Apart from the occasional stomach ache, Ari had always been happy and healthy. She had never experienced any symptoms to suggest anything serious was going on.

However, she had always been quite small for her age, so last January, we decided to take her to the doctor to discuss it. He examined her thoroughly and feeling something not quite right around her liver, he sent us for an ultrasound the same day. He explained that he felt her liver was enlarged - it could be something serious, but it could be nothing.

Ari’s road to diagnosis

The ultrasound picked up a 20cm tumour in her abdomen. It was initially thought that this was on her kidney, but Ari was subsequently diagnosed with a phaeochromocytoma. We were told this was a rare tumour on her adrenal gland, but it could be removed with surgery.

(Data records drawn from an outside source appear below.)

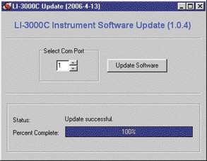 The LI-3000C internal instrument software is programmed into the instrument’s flash memory; it can be updated using the Update3000C program available from LI-COR’s web site at licor.com/support/home.html. LI-COR may periodically provide updates to the instrument software; follow the instructions below to install the instrument (embedded) software.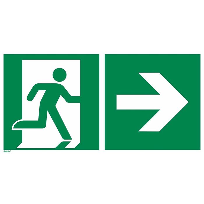 Utrymningsskyltar, ny standard Utrymningsväg höger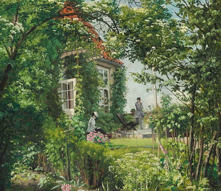 | Rudolph and Signe Puggaard in their garden in Hellebæk. | |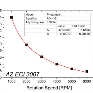 While using a BARC layer will have a positive impact on the photolithography process with any imaging resist, it makes sense to use XHRiC with high-resolution, high transfer accuracy resists such as AZ ECI 3007 or AZ ECI 3027, which are available on the EVG 150 automatic coater and the Sawatec SM-200 manual coater. The spincurves are shown below.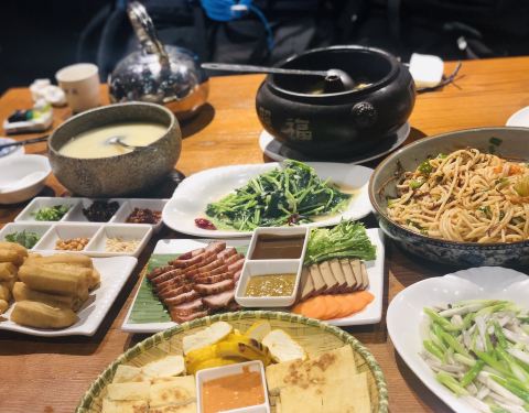 从缅甸回北京,在昆明转机,作为吃货,寻找美食是第一位的。这家主打传统滇味的云南汽锅鸡。 店内装修仿造了昆明老街老房的建筑韵味,有种昆明市井感,就连店里热闹的氛围都像是在还原喧闹的街坊气氛,第一次来就对环境没有陌生感和拘束感。 招牌汽锅鸡用古法单锅蒸制,突出原汁原味,汤色清亮、油而不腻。 第一次来推荐当地几个特色菜:鸡枞凉米线拼盘、福照烤肉、涧水豆腐汇、稀豆粉油条、现蒸火腿。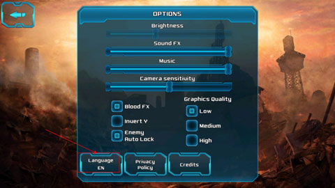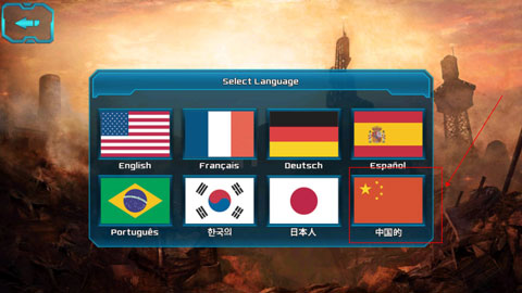 安装游戏,首次进入游戏后,请打开选项“Option”,在点击“Language”语言栏,如下图箭头所示。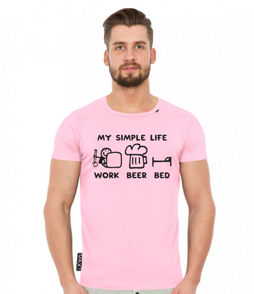 We make sustainable UAX clothing! - hand sewn in the Czech Republic uaxMen uaxAll productsT-shirtsT-SHIRTS SLIM FITdesign 1211 - MY SIMPLE LIFE WORK BEER BEDBABY PINK
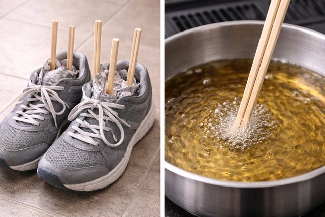 장마철이나 눈이 오는 날 젖은 신발을 관리하는 데 있어 나무젓가락은 훌륭한 건조 보조제로 기능한다. 젖은 운동화 내부에 신문지를 뭉쳐 넣는 방식은 일반적이나, 여기에 나무젓가락을 대각선이나 수직으로 세워 넣으면 건조를 더 쉽게 할 수 있다. 나무젓가락이 신발 내부의 공간을 확보하여 공기가 흐를 수 있는 통로를 만들어주기 때문이다. 또한, 나무 알갱이 사이의 미세한 기공들이 내부 습기를 빨아들여 머금는 천연 제습제 역할을 수행함으로써, 불쾌한 냄새의 원인이 되는 세균 번식을 억제하고 건조 시간을 단축시킨다.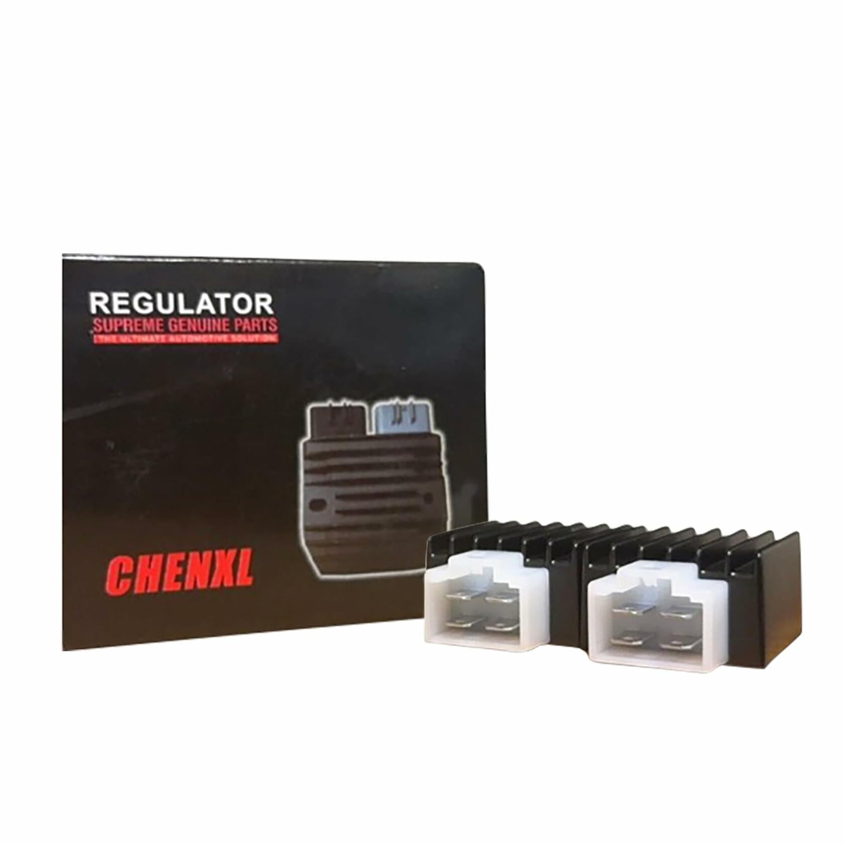 for Tao Tao ATA-110 DATA135 125 Coolster 110CC ATV 3050B 3050B-2 3050C 3050D Roketa Kazuma Meerkat 50cc Falcon 90cc ATV Quad Howhit 150cc Go Kart Wide Compatibility: Suitable for most scooters, mopeds, ATVs, go-karts, buggies, motorcycles, golf carts, and small lawn mowers with single-phase magneto engines (0-50W AC) and GY6 motors (50cc to 120cc). It can also be used on engines up to 150cc or 200cc if the magneto is single-phase HALF WAVE 0-50W. Compatible with brands like SunL, Kazuma, TaoTao, Roketa, JCL, Lance, Baja, Coolster, TGB, TNG, Tank, Redcat, Giovanni, Wildfire, Xtreme, and Seaseng. Superior Materials and Construction: Built with top-quality materials, the Chenxl Half-Wave Regulator operates effectively in temperatures ranging from -30°C to 70°C (-22°F to 158°F). It features a super lightweight design and offers corrosion resistance, excellent thermal conductivity, and durability for years of reliable performance. The regulator uses premium connectors and high-grade aluminum casing, ensuring top-notch performance and durability. It also provides insulating protection, effective sealing, vibration resistance, drop resistance, and is both dustproof and waterproof. The encapsulation is done using advanced potting technology, ensuring superior protection and longevity. Advantages of 12V 4-Pin Half-Wave Dual Silicon Voltage Regulator: High Durability: The use of dual silicon components ensures enhanced durability and longevity, providing a reliable performance over time. Better Efficiency: Dual silicon technology offers improved efficiency and thermal management, leading to better overall performance. Simplicity and Cost-Effectiveness: Half-wave rectification design simplifies the circuit, reducing the number of components and overall cost while providing effective voltage regulation. Lower Heat Generation: The half-wave design results in lower heat dissipation, which helps in maintaining a cooler operation and prolonging the life of the regulator. Improved Power Conversion: Utilizes both halves of the AC cycle more effectively than single-wave rectifiers, ensuring stable and efficient power conversion. Precise Parameters: a. Voltage when the headlight is on and stable: 13.3V ± 1V(4000r/min; K4 closed [headlight on and stable], K3 open [battery not connected]) b. Voltage when the headlight is off: 14.5V ± 1V(4000r/min; K3 closed [battery connected], K4 open [headlight off]) c. When both the headlight and battery are connected:Battery voltage: 14.5V ± 0.5V Headlight voltage: 13.3V ± 0.5V (4000r/min; K3 closed [battery connected], K4 closed [headlight on and stable]) Conforms to: QC/T680-2002 standards. Customer Satisfaction Guarantee: We offer a 100% refund if you are not satisfied. As a direct manufacturer, there are no middlemen, ensuring the best price for you. Our engineers are available 24/7 to assist you. This product is an OEM part originally designed for scooter manufacturers in South America, Southeast Asia, and Africa, specifically for 50-110cc models. Crafted by senior engineers, assembled using high-speed placement machines, welded on a Yamaha high-temperature intelligent production line, and inspected with high-resolution optical AOI instruments, we guarantee its quality.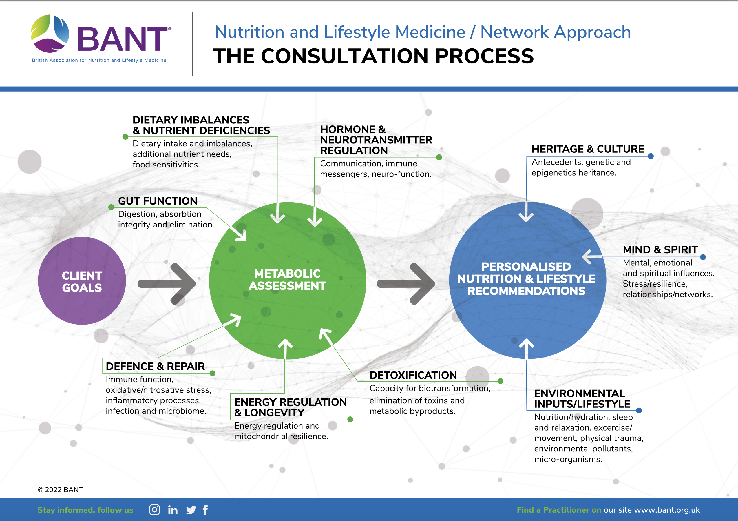 A thorough assessment of your current diet, eating habits, preferences and lifestyle. Body composition analysis, consideration of existing medical conditions including family and medical history. In depth evaluation of the different body systems.

We were assured that Ari did not need chemotherapy and would not lose her hair, and as she felt perfectly fine, there was no reason for us to doubt this.

In April, she was admitted to hospital in preparation for her surgery. We were told that she would need to be in hospital for three to four weeks prior to the operation, as she would need medication to bring her blood pressure down low enough for the surgery to be performed safely. As this was a phaeochromocytoma, it could not be safely biopsied, so the idea was to simply remove the tumour once the medication had taken effect.

But after three weeks, it became apparent that the medication was not having the expected effect on Ari’s blood pressure, as it should have done. At this point, the medical team began to have doubts about whether her tumour was a phaeochromocytoma after all. Now, there was no other option but to biopsy it and to have a MIBG scan.

The results came back and we were told that Ari had MYCN non-amplified neuroblastoma. The main tumour had spread into some of her lymph nodes, but it was otherwise contained. Because of her age, she would be treated as high risk.

“As a parent, I felt incredibly scared…For Ari, it was terrifying.”

I cannot put into words what it is like to hear that your child has cancer. I had heard of neuroblastoma before - when Ari had first been scanned four months earlier, the nurse at the time had told us that we should be glad she was not facing a neuroblastoma diagnosis. As a parent, I felt incredibly scared, but you have to soldier on. For Ari, it was terrifying. She did not take the diagnosis at all well at first - she did not want to be anywhere near the hospital.

We were sent home for a week to process everything and to get our heads round the journey that lay ahead. And a week later, we were readmitted to hospital so that Ari could start her chemo. She could not accept what was happening at all. She was fearful of the treatment and what it entailed and she was scared of losing her hair. Initially, she would not allow anyone near her, so treatment could not begin until she had taken time to process everything. Eventually, she realised she had no option but to go ahead with chemo - and she was started on Rapid COJEC in a bid to shrink her tumour.

On 15th November, she underwent surgery and it was a success. The entire tumour and her affected lymph nodes were removed.

By this time, we had been in touch with neuroblastoma experts in New York and in Barcelona, and both teams had advised us that Ari should not undergo any further treatment as this was likely to do her more harm than good. They categorised her as low to medium risk. So, since her surgery, she has been on no medication at all. She is regularly monitored and has scans every three months which have thankfully remained clear. There is no evidence of disease.

Looking to the future…

Ari is about to turn 14. She is happy and back at school. Her hair is starting to grow back - although she still prefers to wear a wig. Above all, she is feeling positive and is moving forward with her life.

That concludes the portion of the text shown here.